Net Neutrality for AI

5 min read Original article ↗

Over the course of 2025, “vibe coding” went from Silicon Valley pet projects to a global phenomenon. One major dictionary anointed the phrase its “word of the year.” In just a few short months, companies have reached more than $3 billion in annualized revenues from vibe coding or AI tools that aid software development. Major software companies appear to be slowing hiring, even as questions remain about whether and to what degree AI will replace or augment coders.

But 2025 wasn’t completely smooth for every vibe coding startup. Take Windsurf, for example, which was the second most popular standalone AI coding company in the world at one point. In April, media reports suggested that OpenAI was nearing a deal to acquire Windsurf for roughly $3 billion. But a few weeks later, before the deal was finalized, the company got unwelcome news from a critical supplier: Anthropic, OpenAI’s chief competitor, cut off Windsurf’s access to the Claude AI foundation models (FM) that Windsurf relied on. As FMs grow in importance, developers’ market power over these essential inputs—and the conflicts of interest they have with their own customers—could stifle innovation for AI applications across diverse industries.

Anthropic’s conduct raises two concerns. First, as an executive explicitly stated at the time, Anthropic deprived Windsurf of access to its FM because it decided that serving its customer could help OpenAI. Some might see that as the course of normal and perhaps even healthy market competition. But, second, Anthropic had an additional incentive to shut down Windsurf—Anthropic was beginning to offer its own coding agent, Claude Code, making the company a competitor to its customers. This conflict of interest has become even more pernicious in the months since the Windsurf saga, as coding tools become increasingly critical to Anthropic’s financial future.

Before we dive into the particulars, it’s worth taking a step back to understand why these FMs are so important—both to vibe coding and beyond. FMs have become essential infrastructure for the startup economy. Because FMs are prohibitively expensive to build, application developers routinely build upon leading models. For example, a very large portion of Y Combinator’s recent batches of startups are building AI applications atop FMs. Just three FM providers make up nearly 90% of FM API revenues: Anthropic at 40%, OpenAI at 27%, and Google at 21%, according to Menlo Ventures. That reliance, coupled with market concentration, means that AI FM providers have become gatekeepers—and that they can abuse their economic dominance to pick winners and losers among customers. In essence, without policy change, FM developers get a kill switch over any applications that compete with their in-house offerings.

This kind of market power is prevalent in many regulated industries where providers build upon foundational infrastructure owned by others, including telecommunications, transportation, and banking. In those cases, and others, policymakers have instituted neutrality or nondiscrimination rules that prohibit a company from abusing its economic position to discriminate on grounds of access, pricing, or terms among customers, in order to preserve contestability in the broader market.

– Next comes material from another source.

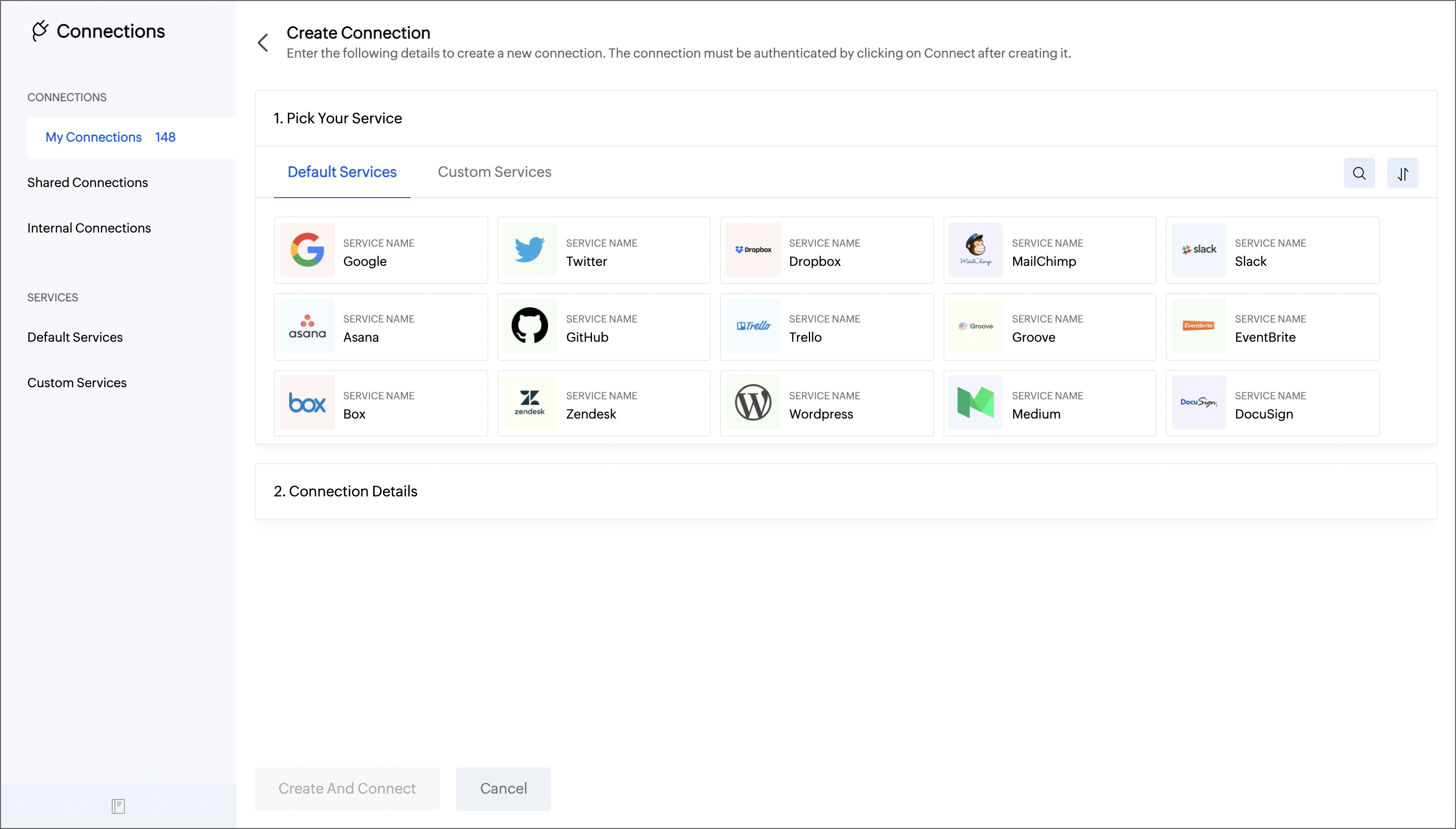 - You can select the Custom Service option to create a connection if the service you are looking for is not available in the pre-registered services list.

As we argue in a new report published by VPA, now is the time for Congress to institute a simple neutrality rule to prevent this unfair and anti-competitive behavior before it takes root. We take inspiration from ‘net neutrality’ rules, first proposed by Tim Wu in 2003, which focused on encouraging competition and innovation by limiting the ability of broadband providers to discriminate among different types of internet traffic. Our proposed rule would prohibit AI FM providers that make an API available to external parties from unreasonably or unjustly discriminating among similarly situated customers, in terms of access, latency, cost, and quality of service—with exceptions for dealing with, for example, unlawful activity and security risks. That means that while FM providers might offer different levels of service on the open market, they cannot discriminate among consumers who purchase access within those tiers. So, in the scenario we described above, Anthropic would not have been able to curtail Windsurf’s access to its leading Claude API (or charge more, limit API calls, or otherwise degrade the offering) because of news that Anthropic’s competitors might acquire the startup.

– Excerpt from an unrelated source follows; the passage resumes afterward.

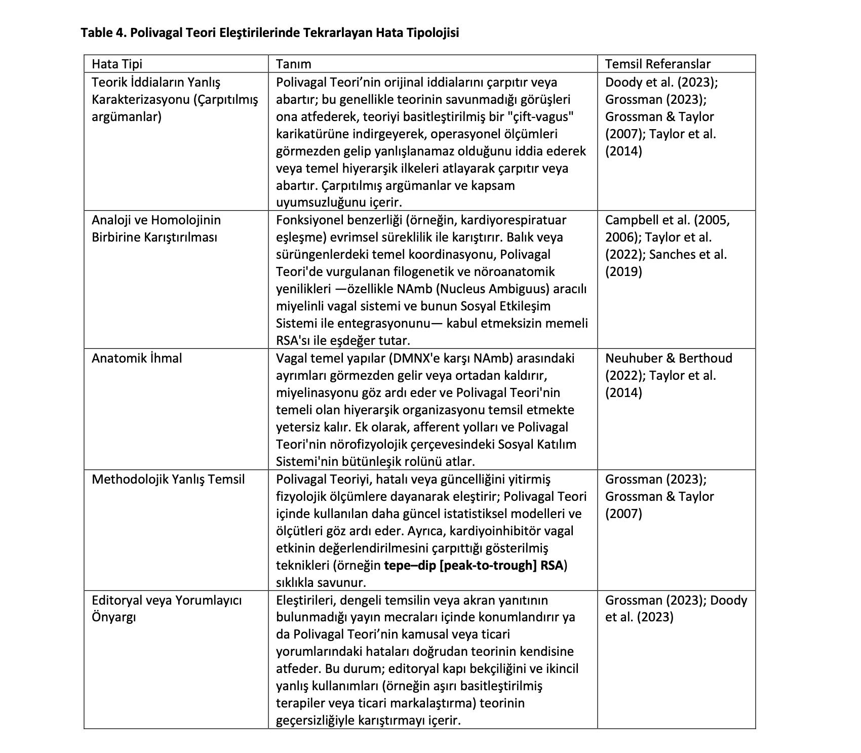 Polivagal Teori eleştirilerinde tespit edilen tekrarlayan sorunları sentezlemek için, Tablo 4, yaygın hata kategorilerinin bir tipolojisini sunmaktadır. Bunlar, retorik yanlıştemsillerden ampirik ve metodolojik hatalara kadar uzanmaktadır. Her hata türütanımlanmış, yayınlanmış eleştirilerdeki görünümüyle örneklendirilmiş ve ortaya çıkanbilimsel çarpıtma ile eşleştirilmiştir.

The key benefit of a neutrality requirement is to enable innovation at the AI application layer. Today, the financial interests of AI FM providers—whether from investments in third-party AI applications, in-house development of their own applications, or the complicated web of investor-competitor-supplier dynamics that permeate the AI industry—present inherent conflicts of interest when serving customers with access to an API. When AI companies use their dominance in the FM market to pick winners among AI applications, they skew and hinder innovation in AI applications. Upstarts don’t have the competitive breathing room to compete if FM providers’ own applications get an unfair advantage.

Ultimately, a neutrality rule is a relatively light-touch way to protect the end-users of generative AI—startups and businesses, consumers, and the public—that benefit from healthy competition among applications they might use.